Dois fatos apontam para singularidade do momento contemporâneo nas integrações regionais da Europa e da América do Sul: 1) a aprovação via referendo popular da saída do Reino Unido da União Europeia (Brexit) e; 2) a decisão dos demais sócios do Mercosul de impedir a presidência pró-tempore do bloco pela Venezuela. Dada a excepcionalidade política dos dois acontecimentos e o contexto econômico de crise que persiste em ambos os projetos, diversos questionamentos surgiram quanto efetividade e o futuro da União Europeia e do Mercosul.

O objetivo aqui não é reafirmar retoricamente a importância ou a solidez da União Europeia ou do Mercosul, mas desconstruir algumas concepções que embasam as incertezas do tempo presente.


A primeira concepção é a de que os projetos de integração regional são puramente processos econômicos e que, a dificuldade no aprofundamento da integração econômica significa necessariamente o fracasso de todo o projeto.

Projetos de integração regional não se restringem ao processo de integração econômica, abarcando outros processos como a integração educacional, integração sociocultural, a cooperação em segurança, a formação de uma política externa comum e etc. (ROSEVICS, 2015; CARVALHO, 2013).

A segunda concepção é a de que, para que um projeto de integração regional seja considerado como tal, e para que seja bem sucedido, é necessária a existência de uma instituição internacional forte e com poderes supranacionais.
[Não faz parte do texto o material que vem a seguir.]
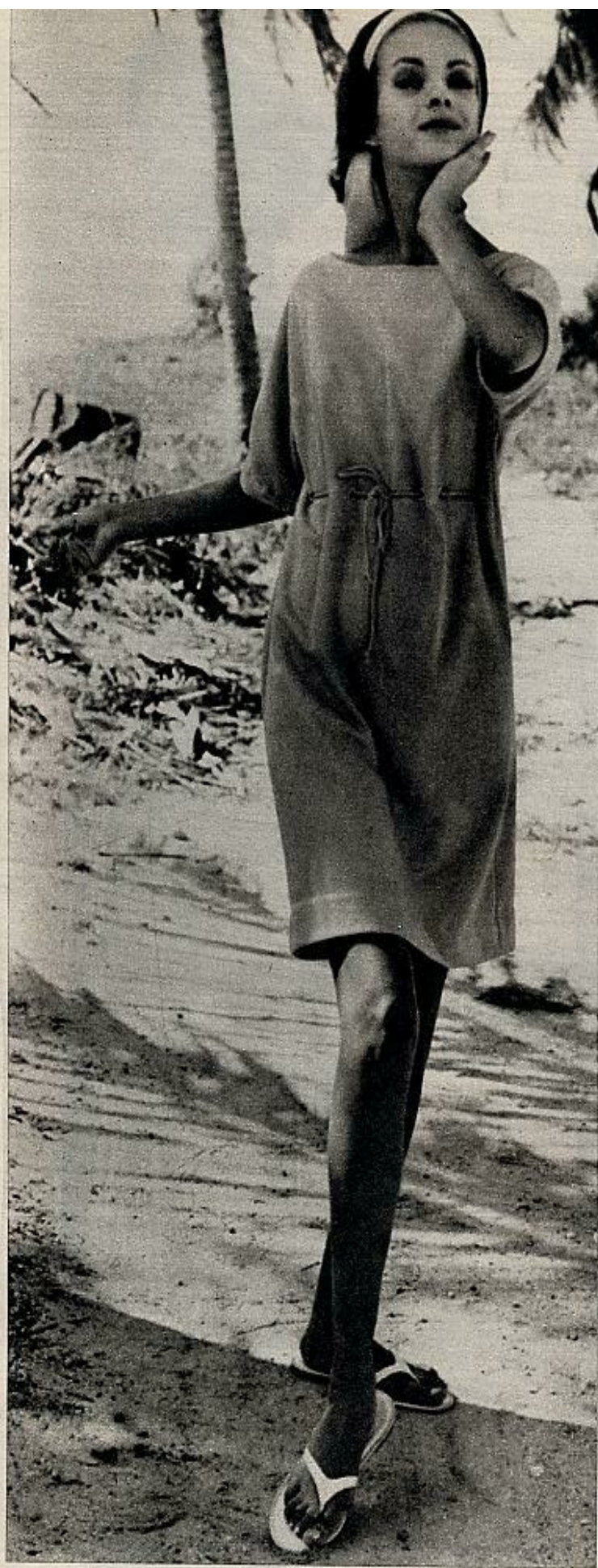
Camisola en algodón, de media manga, según el patrón americano de playa para 1962.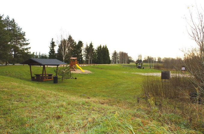
Nüüd on võimalik väikese seltskonnaga ka mõnusalt katuse all istuda ning kaasatoodud kohapeal mugavalt grillida.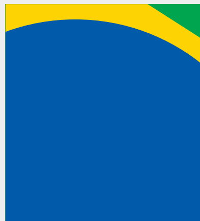
Recorte da bandeira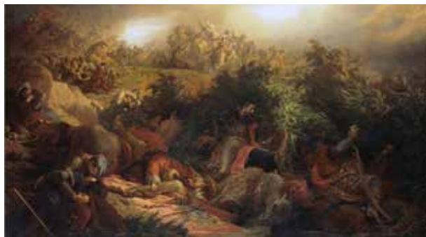
10. Székely Bertalan: A mohácsi csata. Olaj, vászon, 1862. Szépművészeti Múzeum – Magyar Nemzeti Galéria

met bemutató részének legismertebb másolata egy 1603-ban a feltételezések szerint Peter Paul Rubens (1577–1640) által készített, a Louvre-ban őrzött krétarajz, amely nem az eredeti műről, hanem annak rézmetszetes másolatáról készült. Lorenzo Zacchia (1524–1587) 1558-ból származó sokszorosított grafikája (37,4 × 47 cm) – amelynek egy példánya a bécsi Albertina grafikai gyűjteményében is megtalálható 85 – vagy az eredeti műről vagy Leonardo egyik vázlatáról készült. Népszerű volt Gérard Edelincknek (1640–1707) a kompozíciót bemutató, 1657–1666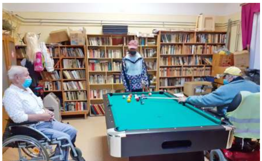
Népszerű a lakók körében az új biliárdasztal

Április 10-én indította az Idősekért Alapítvány a „Kedves Péntek” programot azzal a céllal, hogy a Covid-19 járvány ideje alatt a dolgozók felé fordulva egy kis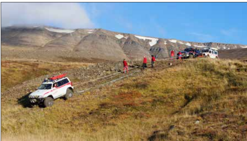
Verkefni í Sölvadal.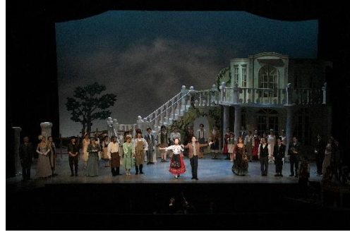
公演の様子② (2022年2月20日)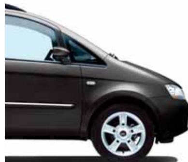
601 Darkwave Schwarz Pastell

O modelo baseado na supranacionalidade, adotado pelos europeus, não é o único possível para os arranjos integracionistas e tampouco pode ser tributário de maior ou menor sucesso dos projetos (SARTI, 2011). Avaliar o sucesso de um projeto de integração regional depende dos vários sentidos estratégicos que o abrangem e não apenas do modelo de construção da governança adotado.

A terceira concepção é a de que os projetos de integração regional são imutáveis e irreversíveis. Enquanto projetos estratégicos, as integrações regionais estão sujeitas as mudanças governamentais nos Estados e à avaliação dos processos em curso, podendo sofrer interrupções, retrocessos, ampliações ou transformações (CARVALHO, 2016).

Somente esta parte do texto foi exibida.